=== YOUR INSTRUCTIONS ===
Would you quote the material below from its first line through the line containing "庭先で荒らされた跡が続き、気", exactly and with both ends included?

=== EXTRACTED RECORDS ===
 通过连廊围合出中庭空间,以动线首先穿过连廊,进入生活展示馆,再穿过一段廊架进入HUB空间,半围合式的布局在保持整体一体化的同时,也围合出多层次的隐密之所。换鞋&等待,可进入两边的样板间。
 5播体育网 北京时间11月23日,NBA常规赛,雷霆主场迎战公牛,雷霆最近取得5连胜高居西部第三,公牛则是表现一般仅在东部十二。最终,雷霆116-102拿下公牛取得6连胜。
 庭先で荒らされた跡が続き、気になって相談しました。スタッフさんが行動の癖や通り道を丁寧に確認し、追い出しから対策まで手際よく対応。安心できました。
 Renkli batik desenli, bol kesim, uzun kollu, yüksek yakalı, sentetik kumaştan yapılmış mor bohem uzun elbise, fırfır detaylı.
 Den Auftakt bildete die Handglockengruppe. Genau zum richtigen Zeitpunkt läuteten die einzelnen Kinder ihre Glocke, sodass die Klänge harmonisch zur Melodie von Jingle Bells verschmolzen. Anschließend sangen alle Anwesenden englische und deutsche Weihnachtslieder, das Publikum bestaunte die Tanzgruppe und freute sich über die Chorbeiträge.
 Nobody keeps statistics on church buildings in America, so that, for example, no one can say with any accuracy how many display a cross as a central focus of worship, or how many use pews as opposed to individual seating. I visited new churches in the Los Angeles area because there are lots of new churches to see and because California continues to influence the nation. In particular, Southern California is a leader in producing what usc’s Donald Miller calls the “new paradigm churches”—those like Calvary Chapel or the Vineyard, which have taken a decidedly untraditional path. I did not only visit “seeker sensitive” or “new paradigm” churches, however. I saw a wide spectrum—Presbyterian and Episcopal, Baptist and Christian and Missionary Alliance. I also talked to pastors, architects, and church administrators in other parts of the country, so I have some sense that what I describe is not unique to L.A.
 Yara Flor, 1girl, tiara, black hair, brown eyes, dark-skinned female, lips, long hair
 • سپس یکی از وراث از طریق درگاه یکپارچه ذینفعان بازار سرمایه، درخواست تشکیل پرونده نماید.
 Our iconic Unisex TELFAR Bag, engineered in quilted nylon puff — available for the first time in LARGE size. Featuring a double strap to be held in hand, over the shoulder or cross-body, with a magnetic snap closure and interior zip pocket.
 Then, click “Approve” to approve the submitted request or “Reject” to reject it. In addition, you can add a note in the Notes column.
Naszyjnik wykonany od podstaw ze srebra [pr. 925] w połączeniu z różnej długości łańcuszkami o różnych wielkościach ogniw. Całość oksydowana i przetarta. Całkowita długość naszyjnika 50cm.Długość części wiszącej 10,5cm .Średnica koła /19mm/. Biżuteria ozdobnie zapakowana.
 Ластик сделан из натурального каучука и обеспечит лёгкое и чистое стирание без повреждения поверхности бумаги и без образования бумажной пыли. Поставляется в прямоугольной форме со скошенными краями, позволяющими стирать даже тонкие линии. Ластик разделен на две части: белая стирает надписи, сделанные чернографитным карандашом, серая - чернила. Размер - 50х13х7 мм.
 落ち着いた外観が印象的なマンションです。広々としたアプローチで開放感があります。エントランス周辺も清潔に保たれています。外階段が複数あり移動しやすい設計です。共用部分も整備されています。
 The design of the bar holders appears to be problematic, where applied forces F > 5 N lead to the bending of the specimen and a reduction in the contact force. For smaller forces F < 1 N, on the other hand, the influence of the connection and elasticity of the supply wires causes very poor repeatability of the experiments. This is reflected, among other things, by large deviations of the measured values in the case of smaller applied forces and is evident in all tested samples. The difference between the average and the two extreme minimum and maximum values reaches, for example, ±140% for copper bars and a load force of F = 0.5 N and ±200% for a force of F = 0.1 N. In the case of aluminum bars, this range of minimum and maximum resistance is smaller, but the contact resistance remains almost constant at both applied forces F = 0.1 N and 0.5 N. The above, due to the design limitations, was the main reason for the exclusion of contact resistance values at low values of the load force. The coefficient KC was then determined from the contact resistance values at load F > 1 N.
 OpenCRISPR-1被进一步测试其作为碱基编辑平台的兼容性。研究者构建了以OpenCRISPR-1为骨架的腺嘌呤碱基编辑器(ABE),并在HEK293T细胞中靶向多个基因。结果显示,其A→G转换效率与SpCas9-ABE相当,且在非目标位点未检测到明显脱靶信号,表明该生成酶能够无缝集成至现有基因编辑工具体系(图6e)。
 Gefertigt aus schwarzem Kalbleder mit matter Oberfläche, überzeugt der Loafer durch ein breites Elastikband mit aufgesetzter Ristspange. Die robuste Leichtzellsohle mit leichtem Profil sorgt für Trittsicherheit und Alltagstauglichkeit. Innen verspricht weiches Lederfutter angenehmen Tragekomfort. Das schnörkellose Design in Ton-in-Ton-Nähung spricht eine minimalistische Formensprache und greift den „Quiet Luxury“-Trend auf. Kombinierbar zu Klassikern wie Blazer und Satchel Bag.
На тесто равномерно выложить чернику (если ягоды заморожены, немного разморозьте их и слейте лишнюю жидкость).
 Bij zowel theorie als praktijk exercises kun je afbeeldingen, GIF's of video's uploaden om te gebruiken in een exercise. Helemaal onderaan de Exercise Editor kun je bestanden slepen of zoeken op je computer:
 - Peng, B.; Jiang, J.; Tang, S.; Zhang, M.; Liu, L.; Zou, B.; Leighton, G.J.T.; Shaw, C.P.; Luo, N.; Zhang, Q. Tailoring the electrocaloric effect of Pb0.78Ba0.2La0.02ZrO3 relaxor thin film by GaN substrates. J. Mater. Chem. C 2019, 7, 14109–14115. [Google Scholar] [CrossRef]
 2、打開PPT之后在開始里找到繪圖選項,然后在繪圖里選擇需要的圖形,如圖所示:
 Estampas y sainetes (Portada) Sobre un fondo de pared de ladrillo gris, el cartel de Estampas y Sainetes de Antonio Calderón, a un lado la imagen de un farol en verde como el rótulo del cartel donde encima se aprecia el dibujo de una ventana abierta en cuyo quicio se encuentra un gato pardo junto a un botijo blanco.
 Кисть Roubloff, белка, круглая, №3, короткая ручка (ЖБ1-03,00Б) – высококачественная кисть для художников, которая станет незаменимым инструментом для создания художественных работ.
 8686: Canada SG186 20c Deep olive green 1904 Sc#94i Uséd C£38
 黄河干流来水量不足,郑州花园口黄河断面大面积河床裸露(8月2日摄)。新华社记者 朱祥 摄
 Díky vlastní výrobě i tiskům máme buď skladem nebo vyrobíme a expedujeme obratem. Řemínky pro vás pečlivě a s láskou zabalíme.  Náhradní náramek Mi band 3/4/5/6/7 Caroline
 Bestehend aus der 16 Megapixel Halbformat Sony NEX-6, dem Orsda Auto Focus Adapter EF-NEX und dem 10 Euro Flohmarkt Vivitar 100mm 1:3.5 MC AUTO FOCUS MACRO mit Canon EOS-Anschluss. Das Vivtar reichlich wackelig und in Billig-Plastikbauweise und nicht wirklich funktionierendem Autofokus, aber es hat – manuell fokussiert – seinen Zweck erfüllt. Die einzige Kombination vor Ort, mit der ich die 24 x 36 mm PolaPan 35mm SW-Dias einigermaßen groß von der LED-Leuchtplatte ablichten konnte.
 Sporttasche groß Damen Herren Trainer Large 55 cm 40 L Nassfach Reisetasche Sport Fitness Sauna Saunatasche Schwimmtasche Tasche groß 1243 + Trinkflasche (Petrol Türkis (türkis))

=== WRITTEN REPLY ===
 通过连廊围合出中庭空间,以动线首先穿过连廊,进入生活展示馆,再穿过一段廊架进入HUB空间,半围合式的布局在保持整体一体化的同时,也围合出多层次的隐密之所。换鞋&等待,可进入两边的样板间。
 5播体育网 北京时间11月23日,NBA常规赛,雷霆主场迎战公牛,雷霆最近取得5连胜高居西部第三,公牛则是表现一般仅在东部十二。最终,雷霆116-102拿下公牛取得6连胜。
 庭先で荒らされた跡が続き、気になって相談しました。スタッフさんが行動の癖や通り道を丁寧に確認し、追い出しから対策まで手際よく対応。安心できました。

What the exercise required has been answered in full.